Piacibello Wanda, Bruno Stefania, Sanavio Fiorella, Droetto Sara, Gunetti Monica, Ailles Laurie, Santoni de Sio Francesca, Viale Andrea, Gammaitoni Loretta, Lombardo Angelo, Naldini Luigi, Aglietta Massimo
Department of Oncological Sciences, University of Torino Medical School, Torino, Italy.
Blood. 2002 Dec 15;100(13):4391-400. doi: 10.1182/blood.V100.13.4391.

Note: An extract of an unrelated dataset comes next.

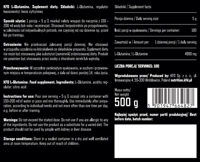 KFD Premium Glutamine – Глутамин, Вкус Неовкусен, Разфасовка 500g
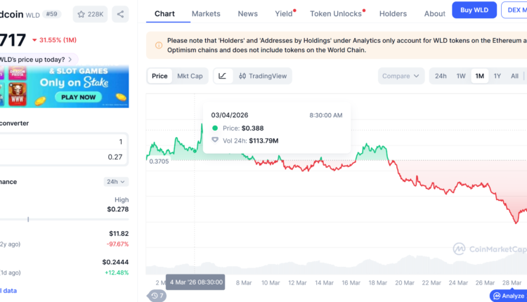 In a Saturday post on X, the foundation said its token issuance arm, World Assets, completed the sale to four counterparties over the past week, with the first tranche settling on March 20. The transactions were priced at an average of roughly $0.27 per token, suggesting that around 239 million Worldcoin (WLD) changed hands.

The ability of advanced-generation lentiviral vectors to transfer the green fluorescent protein (GFP) gene into human hematopoietic stem cells (HSCs) was studied in culture conditions that allowed expansion of transplantable human HSCs. Following 96 hours' exposure to flt3/flk2 ligand (FL), thrombopoietin (TPO), stem cell factor (SCF), and interleukin-6 (IL-6) and overnight incubation with vector particles, cord blood (CB) CD34(+) cells were further cultured for up to 4 weeks. CD34(+) cell expansion was similar for both transduced and control cells. Transduction efficiency of nonobese diabetic/severe combined immunodeficient (NOD/SCID) repopulating cells (SRCs) was assessed by transplants into NOD/SCID mice. Mice that received transplants of transduced week 1 and week 4 expanded cells showed higher levels of human engraftment than mice receiving transplants of transduced nonexpanded cells (with transplants of 1 x 10(5) CD34(+) cells, the percentages of CD45(+) cells were 20.5 +/- 4.5 [week 1, expanded] and 27.2 +/- 8.2 [week 4, expanded] vs 11.7 +/- 2.5 [nonexpanded]; n = 5). The GFP(+)/CD45(+) cell fraction was similar in all cases (12.5% +/- 2.9% and 12.2% +/- 2.7% vs 12.7% +/- 2.1%). Engraftment was multilineage, with GFP(+)/lineage(+) cells. Clonality analysis performed on the bone marrow of mice receiving transduced and week 4 expanded cells suggested that more than one integrant likely contributed to the engraftment of GFP-expressing cells. Serial transplantations were performed with transduced week 4 expanded CB cells. Secondary engraftment levels were 10.7% +/- 4.3% (n = 12); 19.7% +/- 6.2% of human cells were GFP(+). In tertiary transplants the percentage of CD45(+) cells was lower (4.3% +/- 1.7%; n = 10); 14.8% +/- 5.9% of human cells were GFP(+), and human engraftment was multilineage. These results show that lentiviral vectors efficiently transduce HSCs, which can undergo expansion and maintain proliferation and self-renewal ability.
在允许可移植人类造血干细胞(HSCs)扩增的培养条件下,研究了新一代慢病毒载体将绿色荧光蛋白(GFP)基因导入人类造血干细胞的能力。脐血(CB)CD34(+)细胞在暴露于fms样酪氨酸激酶3/胎儿肝激酶2配体(FL)、血小板生成素(TPO)、干细胞因子(SCF)和白细胞介素-6(IL-6)96小时并与载体颗粒过夜孵育后,进一步培养长达4周。转导细胞和对照细胞的CD34(+)细胞扩增相似。通过移植到非肥胖糖尿病/严重联合免疫缺陷(NOD/SCID)小鼠中来评估NOD/SCID重建造血干细胞(SRCs)的转导效率。接受第1周和第4周扩增的转导细胞移植的小鼠比接受未扩增的转导细胞移植的小鼠表现出更高水平的人类造血植入(移植1×10(5)个CD34(+)细胞时,CD45(+)细胞的百分比分别为20.5±4.5 [第1周,扩增]和27.2±8.2 [第4周,扩增],而未扩增组为11.7±2.5;n = 5)。所有情况下GFP(+)/CD45(+)细胞比例相似(分别为12.5%±2.9%、12.2%±2.7%和12.7%±2.1%)。造血植入是多谱系的,存在GFP(+)/谱系(+)细胞。对接受第4周扩增的转导细胞移植的小鼠骨髓进行的克隆性分析表明,可能不止一种整合体促成了表达GFP细胞的造血植入。用第4周扩增的转导CB细胞进行了连续移植。二次造血植入水平为10.7%±4.3%(n = 12);19.7%±6.2%的人类细胞为GFP(+)。在三次移植中,CD45(+)细胞的百分比更低(4.3%±1.7%;n = 10);14.8%±5.9%的人类细胞为GFP(+),且人类造血植入是多谱系的。这些结果表明,慢病毒载体能有效地转导造血干细胞,这些造血干细胞能够扩增并维持增殖和自我更新能力。